(Records contained in a dataset)
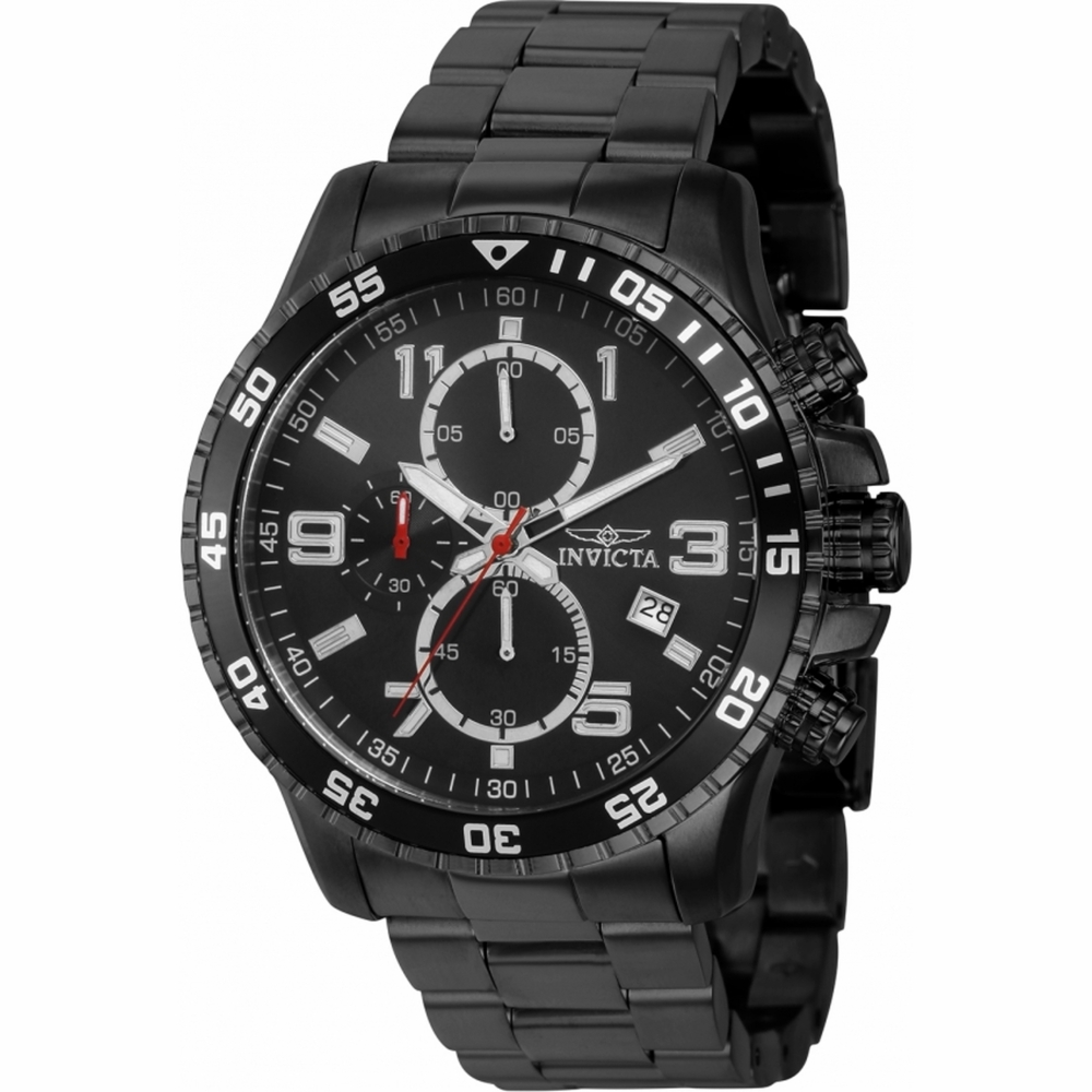 Black-plated stainless steel case and bracelet. Uni-directional rotating black-plated bezel. Black dial with luminous silver-tone hands and alternating Arabic numeral and index hour markers. Minute markers around the outer rim. Dial Type: Analog. Luminescent hands and markers. Date display at the 4 o'clock position. Chronograph - three sub-dials displaying: 60 second, 60 minute and 1/10th of a second. Hattori caliber VD57 quartz movement. Scratch resistant Flame Fusion crystal. Pull / push crown. Solid case back. Round case shape. Case size: 45 mm. Case thickness: 12.5 mm. Band width: 22 mm. Band length: 7.75 inches. Fold over clasp. Water resistant at 50 meters / 165 feet. Functions: chronograph, date, hour, minute, second. Specialty Series. Casual watch style. Watch label: Japan Movt. Invicta Specialty Chronograph Quartz Black Dial Mens Watch 36985.
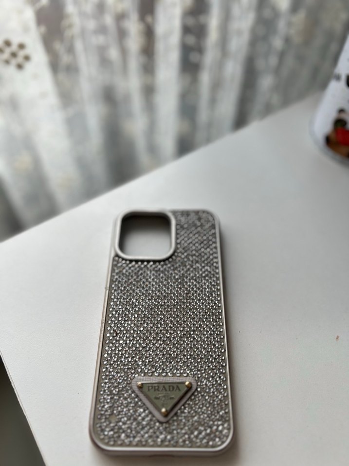 Gri renkli Prada telefon kılıfı, taşlı yüzeyi ve streetwear tarzıyla cihazınıza parlaklık katıyor.
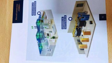 При строительстве дома используются высокотехнологичные материалы и оборудование для коммуникации, дизайнерский интерьер общих холлов. Высота потолков более 3 метров.
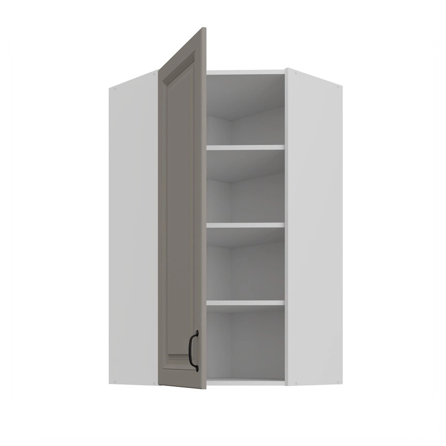 Der Kastos Eckhängeschrank in grau-beige/weiß gehört zur Kategorie der modularen Küchenmöbel, aus denen sich beliebige Sets zusammenstellen lassen.
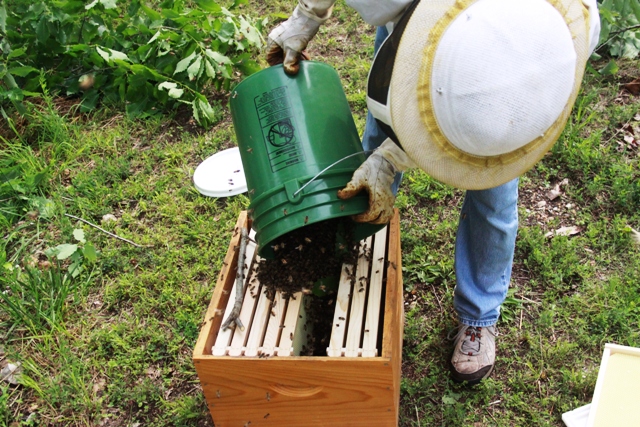 Now, bees don’t want to live in that bucket. We’re not talking about lightening bugs or caterpillars here. When capturing a swarm, its important to have a deep hive body on hand. Once you are confident you got the queen, just dump the bucket ‘o bees into the hive body.
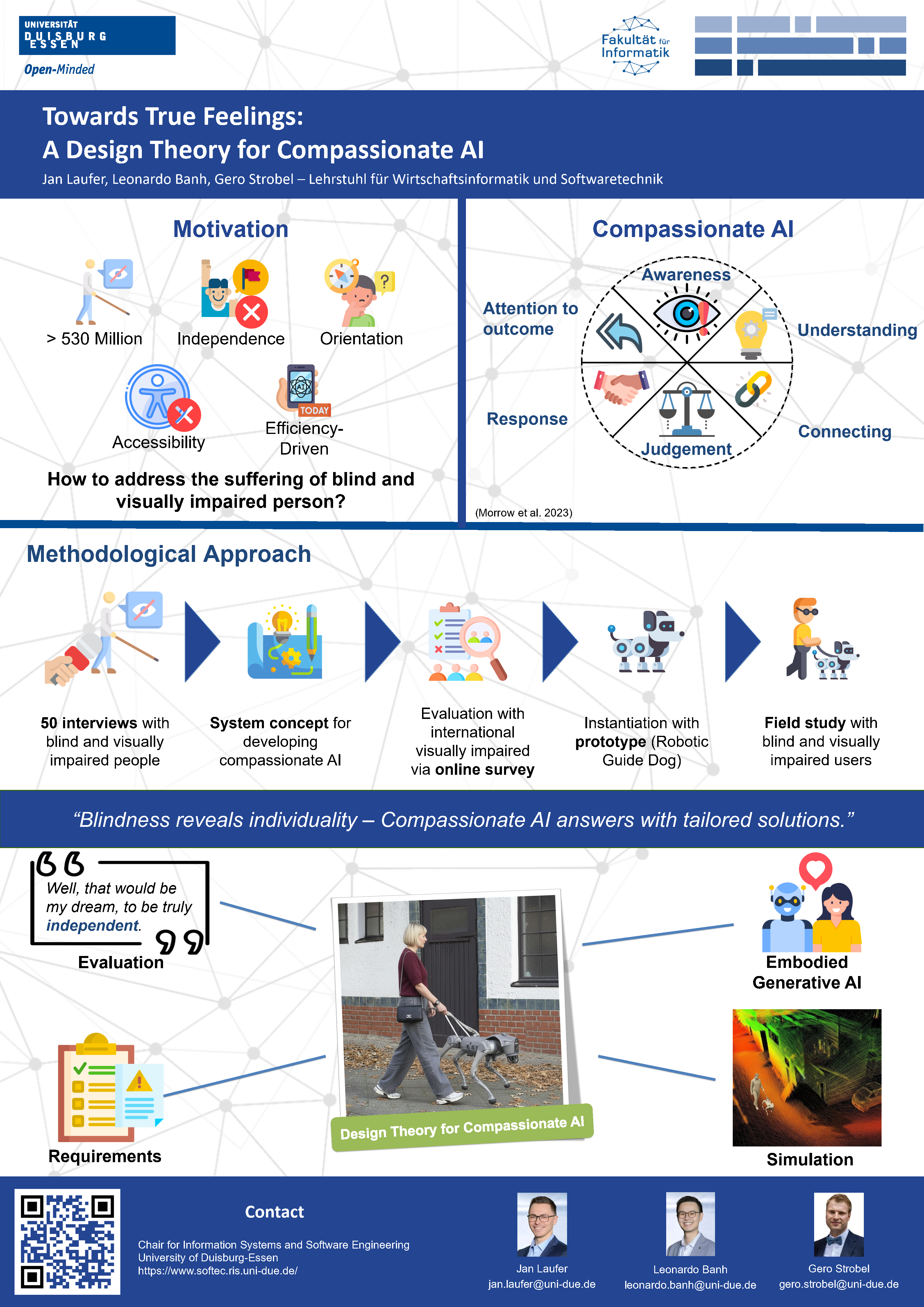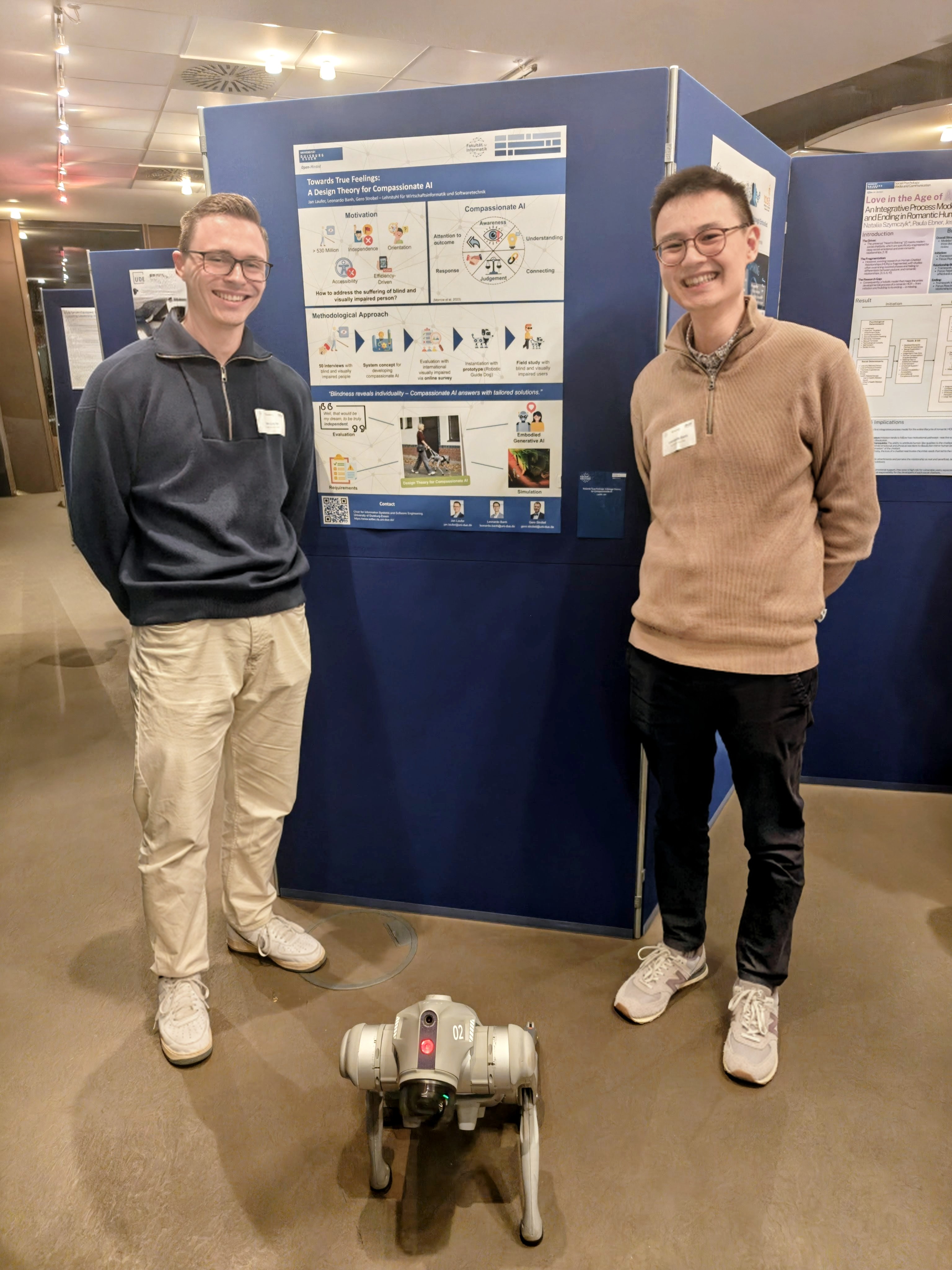 Auch der Lehrstuhl für Wirtschaftsinformatik und Softwaretechnik (SOFTEC) war mit einem Beitrag vertreten. Jan Laufer, Leonardo Banh und Gero Strobel stellten ihre aktuelle Forschung zum Thema “Towards True Feelings: A Design Theory for Compassionate AI” vor.
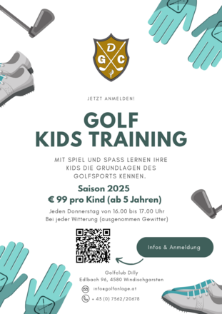 Lassen Sie Ihre Kinder spielerisch die Grundlagen des Golfsports entdecken! Beim Golf Kids Training lernen junge Golfer:innen ab 5 Jahren jeden Donnerstag von 16:00 bis 17:00 Uhr die Faszination des Spiels kennen – bei jeder Witterung (außer Gewitter).
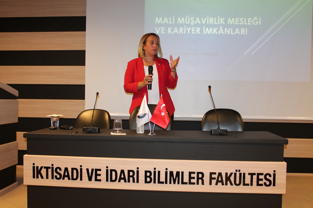 Açılış konuşmasından sonra Serbest Muhasebeci Mali Müşavir Şengül Kezik, “Mali Müşavirlik Mesleği ve Kariyer İmkânları” konulu konferansta öğrencilerle mesleki bilgilerini ve tecrübelerini paylaştı. Şengül Kezik, “Başarılı bir iş insanı olabilmeniz için üniversitede hedefinizi belirlemeli ve o hedef doğrultusunda kendinizi geliştirmelisiniz. Yılmadan, pes etmeden, özverili bir şekilde çalışmak hedeflerinize ulaşmanız için son derece önemlidir. Günümüzde kariyerli ve gözde bir meslek olan Mali Müşavirlikte yaşam boyu eğitim olmazsa olmazımızdır.” şeklinde konuştu. Staja başlama sınavı ile başlayan, 3 yıllık staj ve sonrasında bitirme sınavları ile mali müşavirlik ruhsatını almaya hak kazanan meslek mensuplarının, bağımsız olarak kendi bürolarını açabilecekleri gibi bağımlı olarak işletmelerde de çalışabileceklerini belirten Kezik, mesleğin gençler için gelecek vaat ettiğini vurguladı.
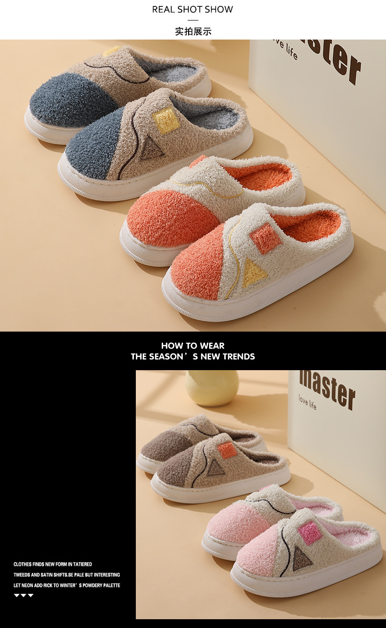 2024 new warm cotton slippers warm women's indoor home reception cotton slippers cute non-slip thick-soled cotton slippers wholesale 中文版
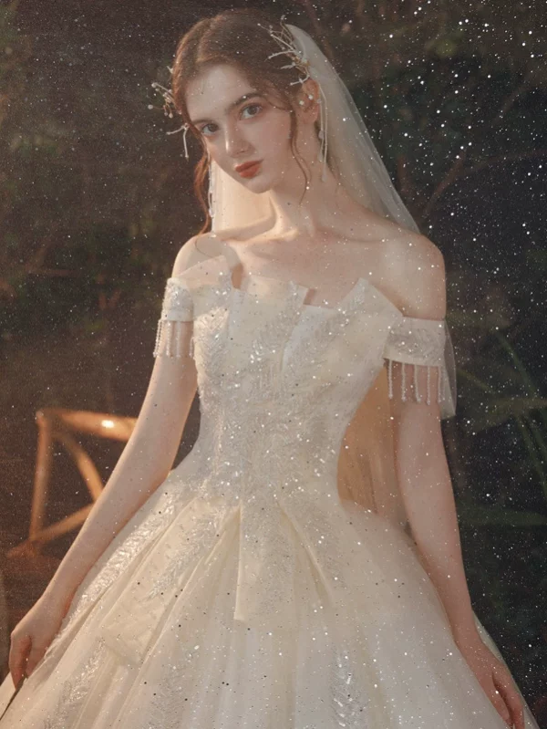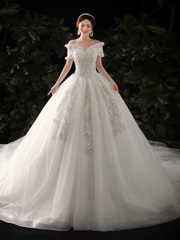 Off-Shoulder Long Train Bridal Dress Luxury High-End Elegant Fashion Gown

### ASSIGNMENT
Retype every entry word for word, but do not carry over the pictures.

### ANSWER SPACE
 Black-plated stainless steel case and bracelet. Uni-directional rotating black-plated bezel. Black dial with luminous silver-tone hands and alternating Arabic numeral and index hour markers. Minute markers around the outer rim. Dial Type: Analog. Luminescent hands and markers. Date display at the 4 o'clock position. Chronograph - three sub-dials displaying: 60 second, 60 minute and 1/10th of a second. Hattori caliber VD57 quartz movement. Scratch resistant Flame Fusion crystal. Pull / push crown. Solid case back. Round case shape. Case size: 45 mm. Case thickness: 12.5 mm. Band width: 22 mm. Band length: 7.75 inches. Fold over clasp. Water resistant at 50 meters / 165 feet. Functions: chronograph, date, hour, minute, second. Specialty Series. Casual watch style. Watch label: Japan Movt. Invicta Specialty Chronograph Quartz Black Dial Mens Watch 36985.
 Gri renkli Prada telefon kılıfı, taşlı yüzeyi ve streetwear tarzıyla cihazınıza parlaklık katıyor.
 При строительстве дома используются высокотехнологичные материалы и оборудование для коммуникации, дизайнерский интерьер общих холлов. Высота потолков более 3 метров.
 Der Kastos Eckhängeschrank in grau-beige/weiß gehört zur Kategorie der modularen Küchenmöbel, aus denen sich beliebige Sets zusammenstellen lassen.
 Now, bees don’t want to live in that bucket. We’re not talking about lightening bugs or caterpillars here. When capturing a swarm, its important to have a deep hive body on hand. Once you are confident you got the queen, just dump the bucket ‘o bees into the hive body.
 Auch der Lehrstuhl für Wirtschaftsinformatik und Softwaretechnik (SOFTEC) war mit einem Beitrag vertreten. Jan Laufer, Leonardo Banh und Gero Strobel stellten ihre aktuelle Forschung zum Thema “Towards True Feelings: A Design Theory for Compassionate AI” vor.
 Lassen Sie Ihre Kinder spielerisch die Grundlagen des Golfsports entdecken! Beim Golf Kids Training lernen junge Golfer:innen ab 5 Jahren jeden Donnerstag von 16:00 bis 17:00 Uhr die Faszination des Spiels kennen – bei jeder Witterung (außer Gewitter).
 Açılış konuşmasından sonra Serbest Muhasebeci Mali Müşavir Şengül Kezik, “Mali Müşavirlik Mesleği ve Kariyer İmkânları” konulu konferansta öğrencilerle mesleki bilgilerini ve tecrübelerini paylaştı. Şengül Kezik, “Başarılı bir iş insanı olabilmeniz için üniversitede hedefinizi belirlemeli ve o hedef doğrultusunda kendinizi geliştirmelisiniz. Yılmadan, pes etmeden, özverili bir şekilde çalışmak hedeflerinize ulaşmanız için son derece önemlidir. Günümüzde kariyerli ve gözde bir meslek olan Mali Müşavirlikte yaşam boyu eğitim olmazsa olmazımızdır.” şeklinde konuştu. Staja başlama sınavı ile başlayan, 3 yıllık staj ve sonrasında bitirme sınavları ile mali müşavirlik ruhsatını almaya hak kazanan meslek mensuplarının, bağımsız olarak kendi bürolarını açabilecekleri gibi bağımlı olarak işletmelerde de çalışabileceklerini belirten Kezik, mesleğin gençler için gelecek vaat ettiğini vurguladı.
 2024 new warm cotton slippers warm women's indoor home reception cotton slippers cute non-slip thick-soled cotton slippers wholesale 中文版
 Off-Shoulder Long Train Bridal Dress Luxury High-End Elegant Fashion Gown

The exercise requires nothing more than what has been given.